![Squash Cheddar Casserole Recipe](https://reciperenaissance.xyz/wordpress/wp-content/uploads/2016/09/squash-cheddar-casserole-blog-900px-150dpi-1987-600x400.jpg)
Squash Cheddar Casserole Recipe
Here’s a squash cheddar casserole recipe I adapted from a dish my mother has been making since 1980. The original version called for six tablespoons of butter and a sleeve of Ritz crackers, crushed. For my version, I cut the amount of butter and salt in half, and used a cup of breadcrumbs instead of the crackers, resulting in a significant reduction in calories without any loss of flavor. The texture of this casserole is somewhat similar to a soufflé, but thicker and not as light and airy.
Either yellow squash or zucchini can be used in this recipe. Zucchini was used in the dish photographed for this article.

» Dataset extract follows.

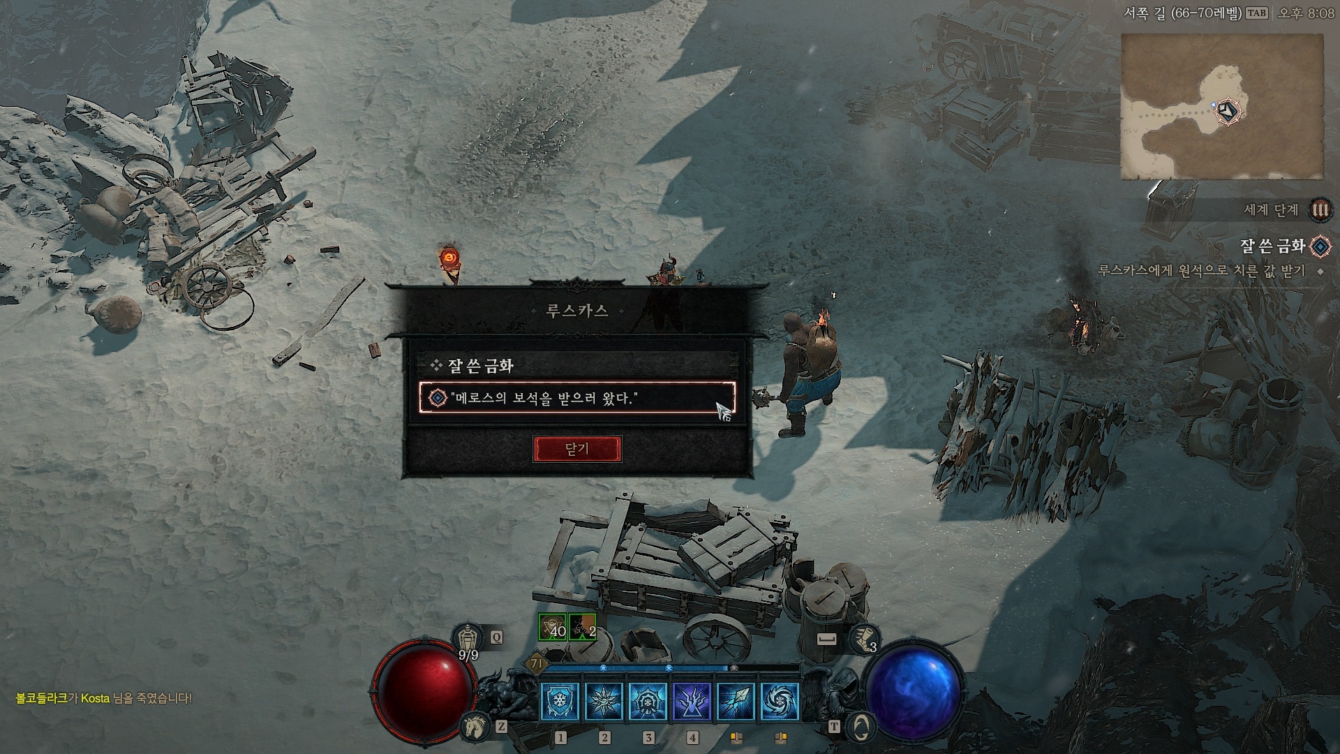 루스카스를 처치 후 원석으로 치른 값을 줍자. 이제 메르스에게 가보자.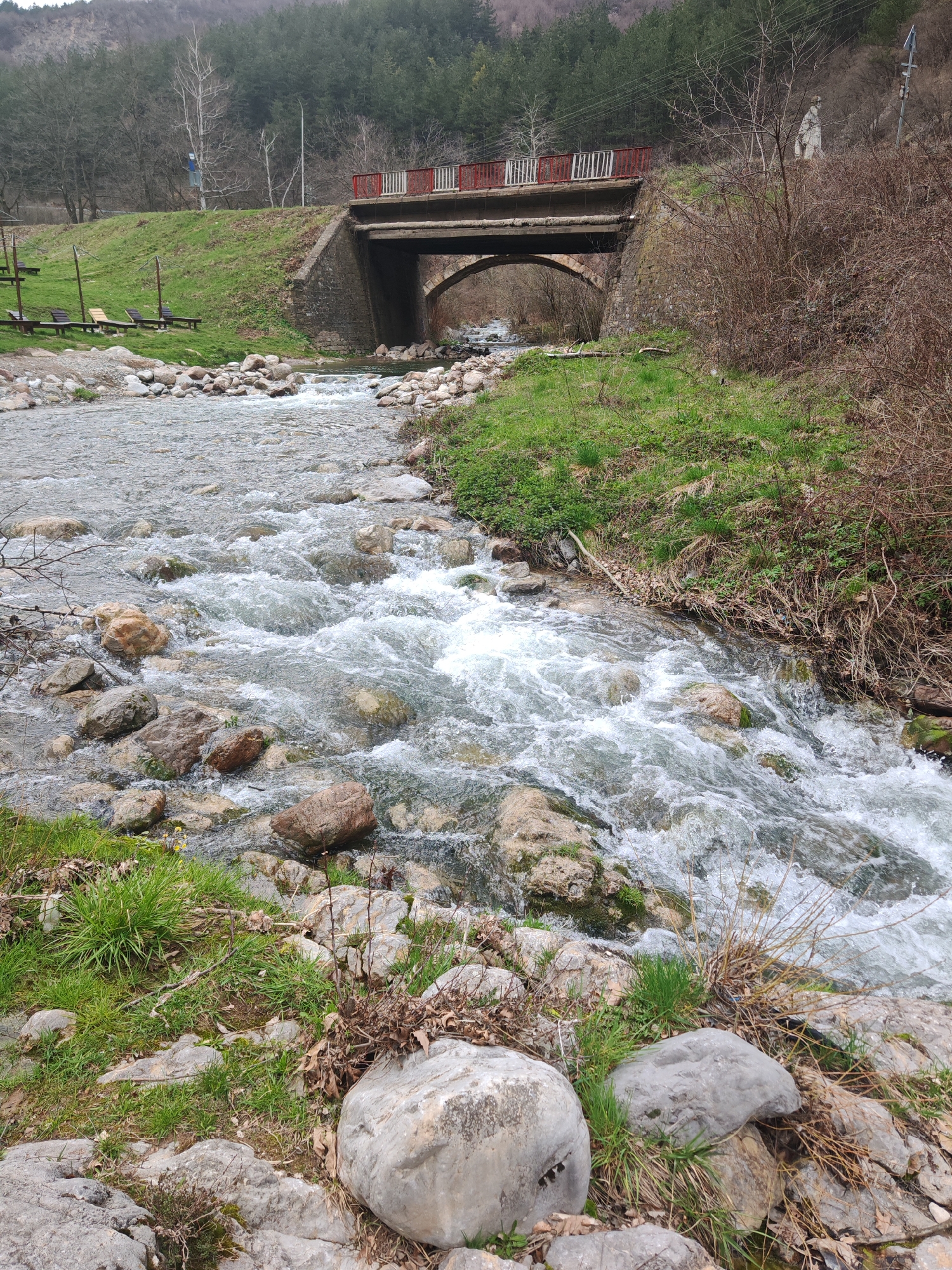 The image depicts a fast-flowing river under a bridge. The river is shallow, with numerous rocks visible and causing the water to churn and foam. The banks are lined with grass and some sparse vegetation. The bridge appears to be made of concrete and stone, with a red and white railing. The location is the city of Vratsa, Bulgaria. The scene appears natural and unpopulated, with only the constructed bridge indicating human presence.

![Squash Cheddar Casserole Recipe](https://reciperenaissance.xyz/wordpress/wp-content/uploads/2016/09/squash-cheddar-casserole-blog-900px-150dpi-1987.jpg)
Squash Cheddar Casserole
Ingredients
- 5 to 6 medium squash about 2 ½ pounds resulting in 2 cups cooked and drained
- 3 Tablespoons unsalted butter
- 2 eggs lightly beaten
- ½ teaspoon salt
- ½ teaspoon pepper
- 1 cup chopped onion
- 1 cup shredded cheddar cheese sharp, extra-sharp, mild, cook's preference
- 1 cup evaporated milk
- 1 cup bread crumbs
Instructions
- Cut up and steam the squash with salted water until tender and easily pierced with a fork, about 20 - 25 minutes.
- Mash the cooked squash and place it in a colander to cool and drain for 20 - 30 minutes.
- Preheat the oven to 375ºF.
- Place the chopped onions in a microwave-safe bowl, cover with plastic wrap and microwave for two minutes on high to steam and soften.
- Combine all ingredients and place in a baking dish.
- Bake for 40 minutes or until the dish browns around the edge.
- Let cool for 5 to 10 minutes before serving.